What you are asked to do: The entries below are to be given back exactly, with images excluded.

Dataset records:
- Opening Delimiter -

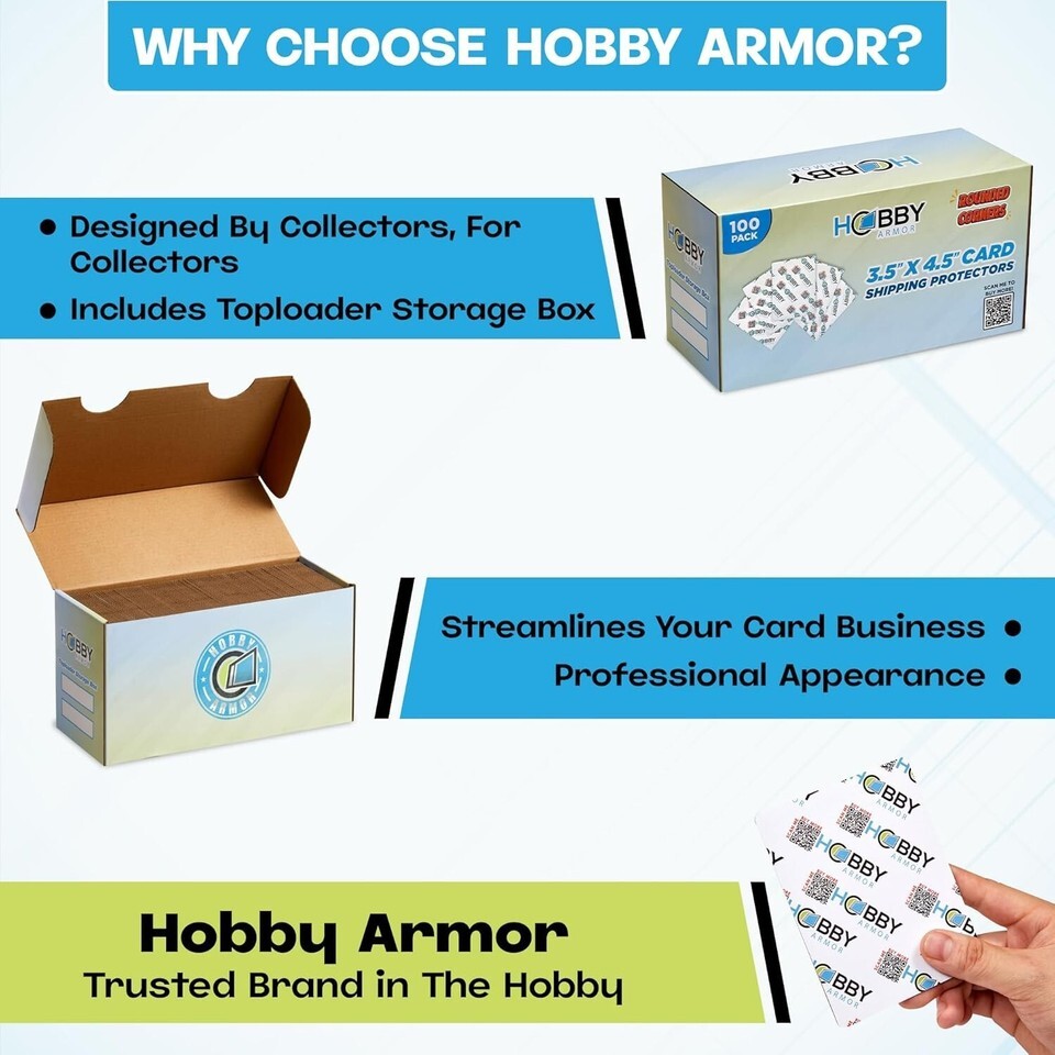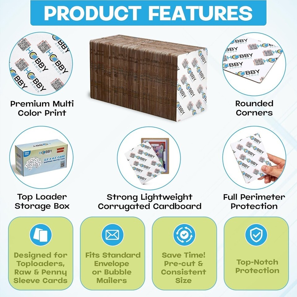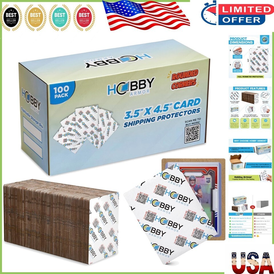 Premium Card Shipping Protectors - 3.5" x 4.5" with Rounded Corners, 100 Pack ? ? ? ? ? ? ? ? ? ? ? ? ? ? ? ? Premium Card Shipping Protectors Size: 3.5" x 4.5" with Rounded Corners - 100 Pack Features: Much lighter than plastic ? Crafted from strong, thin corrugated cardboard. Extra glossy layer for enhanced strength and a polished appearance. Rounded corners for easy loading and handling. Designed to be compatible with toploaders, penny sleeve cards, and raw cards. Ideal for use with standard envelope PWE or thick padded envelopes. Cardboard insert dimensions: 3.5" x 4.5" with a 1/4" margin for maximum protection. Pack includes a toploader storage box for post-use organization. Benefits: Super lightweight compared to traditional plastic protectors. Professional appearance ? perfect for card collectors and sellers. Easy to load, minimizing wasted supplies and time. Securely defend your cards during transit, preventing damage or dings. Supports card breakers, bulk card shippers, and collectors alike. Why choose our Premium Card Shipping Protectors? Elevate your card shipping game with our Premium Card Shipping Protectors, meticulously designed for card collectors and enthusiasts. Our protectors are made from strong and sleek corrugated cardboard, providing you with a sophisticated yet effective solution for your trading cards. With rounded corners that eliminate the hassle of sharp edges ripping bubble mailers, you can streamline your shipping process and focus on what truly matters: connecting with fellow collectors. Our 100-pack comes with a convenient storage box, ensuring that your collections are organized long after the protectors are used up. Let us take care of the heavy lifting while safeguarding your precious cards. Choose our Premium Card Shipping Protectors and experience the finesse and quality your collection deserves! Shipping Free Fast Shipping - We offer free shipping to most of the USA with a normal delivery time of 3-7 days. However, due to the current situation, additional delivery time (up to 3 weeks) may be required for some items. Alternative Carriers - We may use alternative carriers (e.g. USPS, FedEx, UPS, etc.) to ensure your package arrives safely and on time. Due to the use of multiple carriers, we are unable to provide a tracking number automatically. Handling Time - Orders are processed and shipped within 1-2 business days of receiving cleared payment. Shipping Restrictions - Shipping to Alaska, Hawaii, Puerto Rico, Guam, and other US territories may incur shipping charges or delivery restrictions. Please contact us before ordering, or your order can be refunded/cancelled. State Restrictions - There may be restrictions based on your state of purchase. For example, certain items may not be shipped to California due to state regulations. Contact for Tracking Updates - If you require tracking updates or have any concerns about the delivery of your order, please feel free to contact us, and we will be happy to assist you. Return 30-Day Hassle-Free Returns - We want you to be completely satisfied with your purchase. If you are not, you can return the item within 30 days of receiving it for a full refund or exchange. Easy Return Process - To start a return, simply contact us and we will provide you with a prepaid return shipping label and detailed instructions. Restocking Fee - There are no restocking fees for returns. However, the buyer is responsible for return shipping costs if the return is not due to a seller's error. Refund Processing Time - Refunds will be processed within 5 business days of receiving the returned item in its original condition. Payment We accept all major credit cards, PayPal, and Apple Pay for your convenience. Your payment information is secure and encrypted to ensure a safe and seamless transaction. Please complete your payment within 3 days of purchase to avoid any delays in shipping. Feedback Your feedback is extremely important to us. We strive to provide the best products and customer service possible. If you are satisfied with your purchase, please take a moment to leave us a positive review. If you have any concerns or issues with your order, please contact us before leaving negative feedback. We are committed to resolving any problems and ensuring your satisfaction. Contact Us If you have any questions or concerns, please feel free to reach out to our customer support team. You can contact us through the messaging system. We are available Monday to Friday, 9:00 am to 5:00 pm EST, and we will do our best to respond to your inquiry within 24 hours. Buy it now and enjoy a pleasant shopping experience! UPC: Not Set Autograph Format: Trading Card Protectors Material: Cardboard,corrugated cardboard,glossy cardboard Features: Rounded Corners,vibrant color,premium lightweight,glossy finish,easy to load,1/4 inch margin,designed for toploaders,designed for penny sleeves,designed for raw cards,packaging for shipping,supports card hobby Type: Shipping Protector Brand: Unbranded Number of Toploaders/Card Holders: 100 Compatible Card Thickness: Not Set Color: Vibrant Compatible Card Size: 3.5" X 4.5" Card Holder Type: Not Set Year Manufactured: Not Set Country/Region of Manufacture: Not Set Signed By: Not Set Item Length: Not Set Item Height: 3.5 in MPN: Not Set Autographed: Not Set Inscribed: Not Set
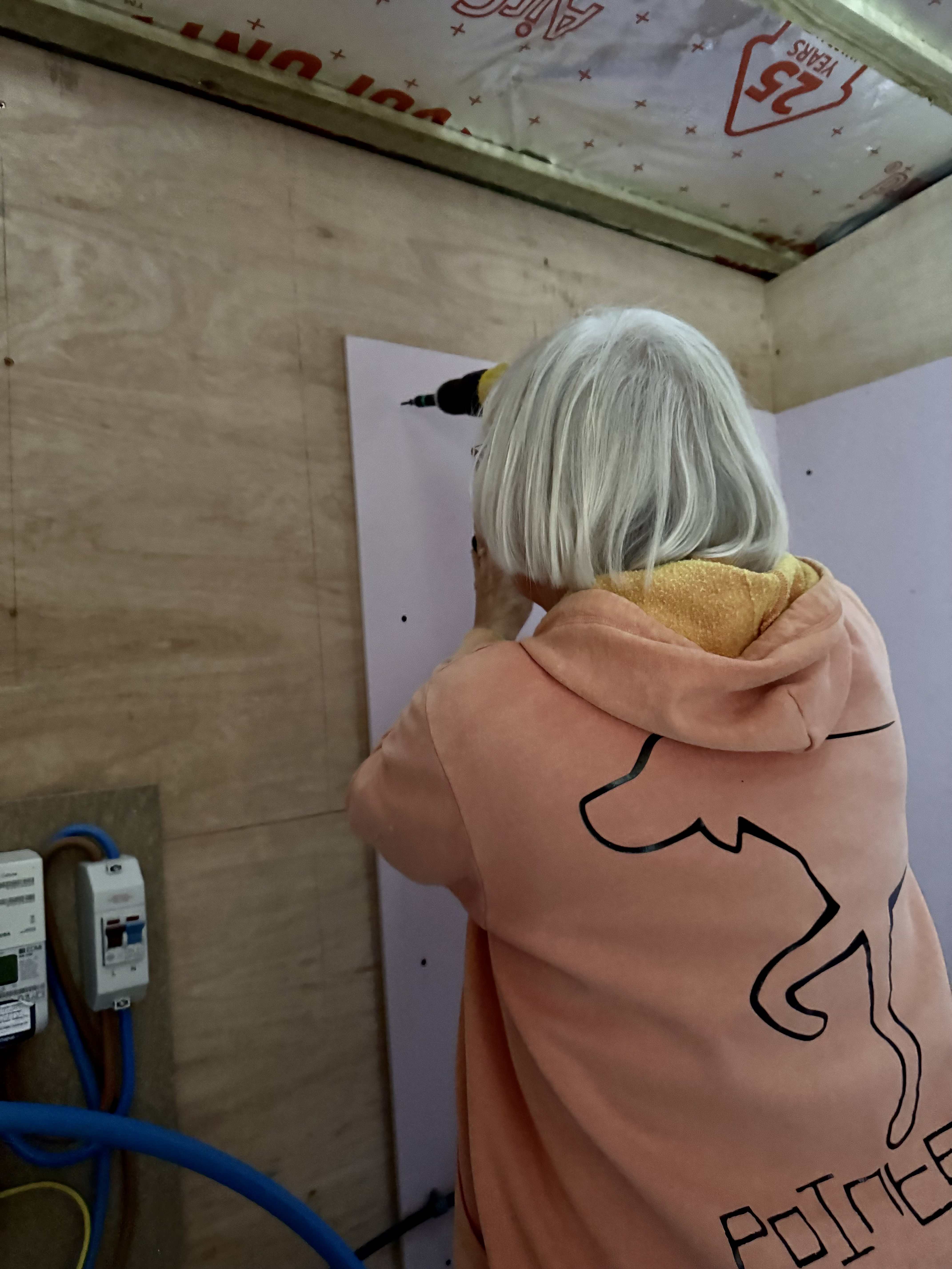No - they don't start until after 1st fix, of course, but the plant room presents a 1st fix v plasterboard conundrum - so who did we manage to rope in for some impromptu 'boarding out'? Why, none other than Mrs P! Seen here in action:
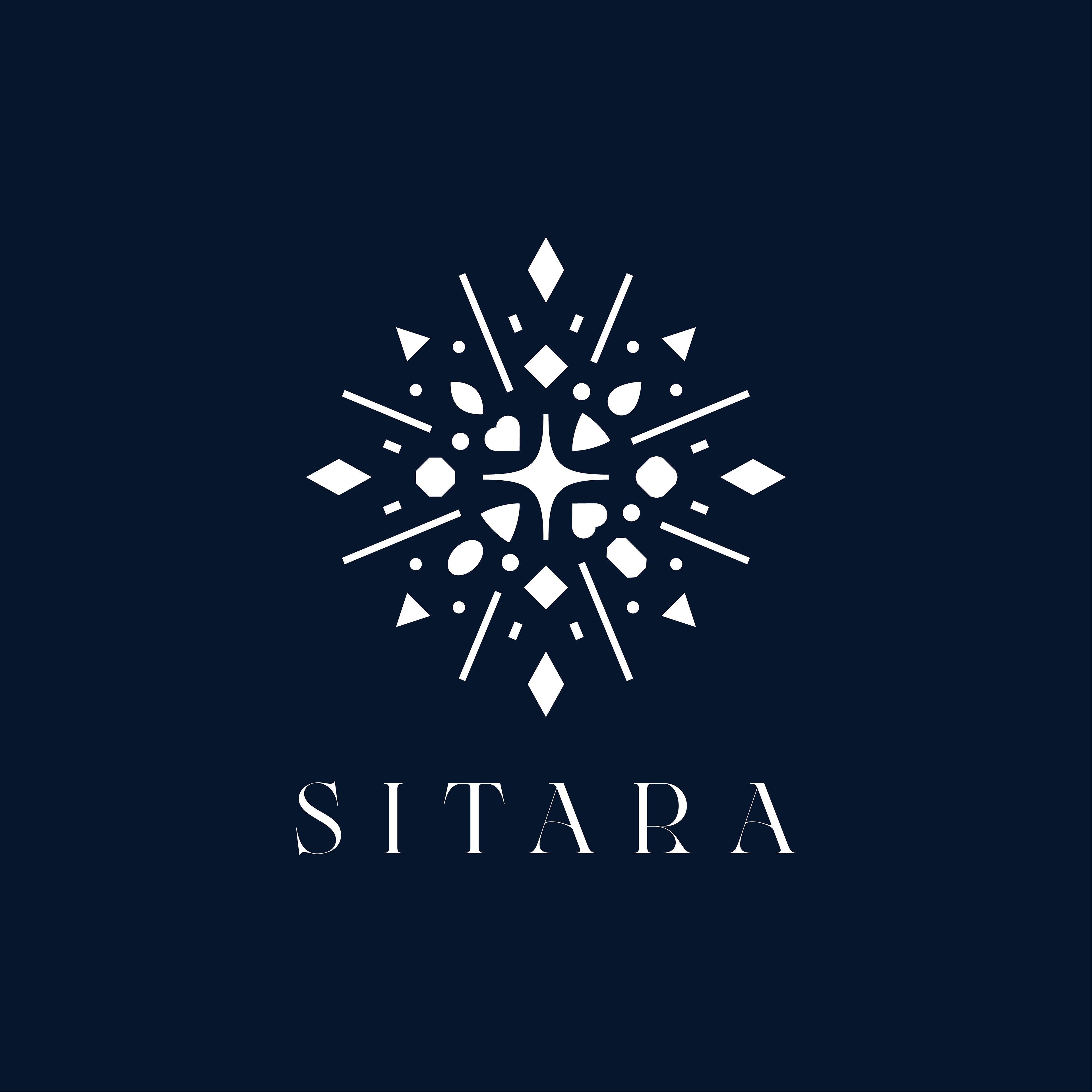 Logomark consists main element Star ( Sitara ) in the middle and "Sitare" plural of "Sitara" is more commonly used for sparkles and small mirrors put on indian  ethnic clothing and apparel that come in different shapes and sizes, the whole logomark is in a shape of a mandala a Indian form of geometric art which is also similar to islamic geometric designs.
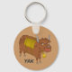 Un yak gai avec une lourde charge. C'est une image de dessin animé d'un Yak brun, laineux, il a un sac attaché à son sac avec une corde jaune. Il sourit heureux.
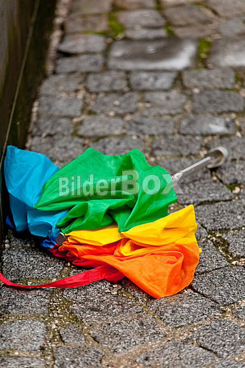 Beschreibung Bunter Regenschirm an einem Tag mit starkem Regen
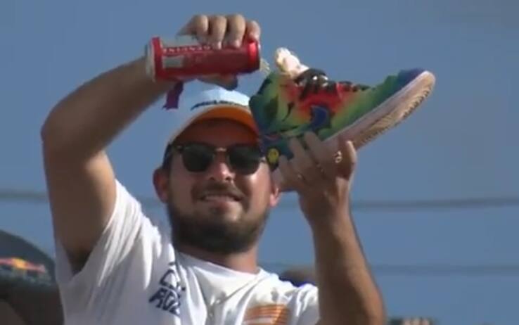 GP USAUna bella bevuta dalla scarpa.... Dagli spalti del circuito di Austin, le immagini di un tifoso che imita la celebre esultanza del pilota australiano. È un vero super fan di Daniel come si può vedere dalla maglietta che indossa... Oggi il GP degli Usa live su Sky Sport F1 (canale 207), Sky Sport Uno (canale 201) e anche in 4K!

- Closing Delimiter -

Written solution:
 Premium Card Shipping Protectors - 3.5" x 4.5" with Rounded Corners, 100 Pack ? ? ? ? ? ? ? ? ? ? ? ? ? ? ? ? Premium Card Shipping Protectors Size: 3.5" x 4.5" with Rounded Corners - 100 Pack Features: Much lighter than plastic ? Crafted from strong, thin corrugated cardboard. Extra glossy layer for enhanced strength and a polished appearance. Rounded corners for easy loading and handling. Designed to be compatible with toploaders, penny sleeve cards, and raw cards. Ideal for use with standard envelope PWE or thick padded envelopes. Cardboard insert dimensions: 3.5" x 4.5" with a 1/4" margin for maximum protection. Pack includes a toploader storage box for post-use organization. Benefits: Super lightweight compared to traditional plastic protectors. Professional appearance ? perfect for card collectors and sellers. Easy to load, minimizing wasted supplies and time. Securely defend your cards during transit, preventing damage or dings. Supports card breakers, bulk card shippers, and collectors alike. Why choose our Premium Card Shipping Protectors? Elevate your card shipping game with our Premium Card Shipping Protectors, meticulously designed for card collectors and enthusiasts. Our protectors are made from strong and sleek corrugated cardboard, providing you with a sophisticated yet effective solution for your trading cards. With rounded corners that eliminate the hassle of sharp edges ripping bubble mailers, you can streamline your shipping process and focus on what truly matters: connecting with fellow collectors. Our 100-pack comes with a convenient storage box, ensuring that your collections are organized long after the protectors are used up. Let us take care of the heavy lifting while safeguarding your precious cards. Choose our Premium Card Shipping Protectors and experience the finesse and quality your collection deserves! Shipping Free Fast Shipping - We offer free shipping to most of the USA with a normal delivery time of 3-7 days. However, due to the current situation, additional delivery time (up to 3 weeks) may be required for some items. Alternative Carriers - We may use alternative carriers (e.g. USPS, FedEx, UPS, etc.) to ensure your package arrives safely and on time. Due to the use of multiple carriers, we are unable to provide a tracking number automatically. Handling Time - Orders are processed and shipped within 1-2 business days of receiving cleared payment. Shipping Restrictions - Shipping to Alaska, Hawaii, Puerto Rico, Guam, and other US territories may incur shipping charges or delivery restrictions. Please contact us before ordering, or your order can be refunded/cancelled. State Restrictions - There may be restrictions based on your state of purchase. For example, certain items may not be shipped to California due to state regulations. Contact for Tracking Updates - If you require tracking updates or have any concerns about the delivery of your order, please feel free to contact us, and we will be happy to assist you. Return 30-Day Hassle-Free Returns - We want you to be completely satisfied with your purchase. If you are not, you can return the item within 30 days of receiving it for a full refund or exchange. Easy Return Process - To start a return, simply contact us and we will provide you with a prepaid return shipping label and detailed instructions. Restocking Fee - There are no restocking fees for returns. However, the buyer is responsible for return shipping costs if the return is not due to a seller's error. Refund Processing Time - Refunds will be processed within 5 business days of receiving the returned item in its original condition. Payment We accept all major credit cards, PayPal, and Apple Pay for your convenience. Your payment information is secure and encrypted to ensure a safe and seamless transaction. Please complete your payment within 3 days of purchase to avoid any delays in shipping. Feedback Your feedback is extremely important to us. We strive to provide the best products and customer service possible. If you are satisfied with your purchase, please take a moment to leave us a positive review. If you have any concerns or issues with your order, please contact us before leaving negative feedback. We are committed to resolving any problems and ensuring your satisfaction. Contact Us If you have any questions or concerns, please feel free to reach out to our customer support team. You can contact us through the messaging system. We are available Monday to Friday, 9:00 am to 5:00 pm EST, and we will do our best to respond to your inquiry within 24 hours. Buy it now and enjoy a pleasant shopping experience! UPC: Not Set Autograph Format: Trading Card Protectors Material: Cardboard,corrugated cardboard,glossy cardboard Features: Rounded Corners,vibrant color,premium lightweight,glossy finish,easy to load,1/4 inch margin,designed for toploaders,designed for penny sleeves,designed for raw cards,packaging for shipping,supports card hobby Type: Shipping Protector Brand: Unbranded Number of Toploaders/Card Holders: 100 Compatible Card Thickness: Not Set Color: Vibrant Compatible Card Size: 3.5" X 4.5" Card Holder Type: Not Set Year Manufactured: Not Set Country/Region of Manufacture: Not Set Signed By: Not Set Item Length: Not Set Item Height: 3.5 in MPN: Not Set Autographed: Not Set Inscribed: Not Set
No - they don't start until after 1st fix, of course, but the plant room presents a 1st fix v plasterboard conundrum - so who did we manage to rope in for some impromptu 'boarding out'? Why, none other than Mrs P! Seen here in action:
 Logomark consists main element Star ( Sitara ) in the middle and "Sitare" plural of "Sitara" is more commonly used for sparkles and small mirrors put on indian  ethnic clothing and apparel that come in different shapes and sizes, the whole logomark is in a shape of a mandala a Indian form of geometric art which is also similar to islamic geometric designs.
 Un yak gai avec une lourde charge. C'est une image de dessin animé d'un Yak brun, laineux, il a un sac attaché à son sac avec une corde jaune. Il sourit heureux.
 Beschreibung Bunter Regenschirm an einem Tag mit starkem Regen
 GP USAUna bella bevuta dalla scarpa.... Dagli spalti del circuito di Austin, le immagini di un tifoso che imita la celebre esultanza del pilota australiano. È un vero super fan di Daniel come si può vedere dalla maglietta che indossa... Oggi il GP degli Usa live su Sky Sport F1 (canale 207), Sky Sport Uno (canale 201) e anche in 4K!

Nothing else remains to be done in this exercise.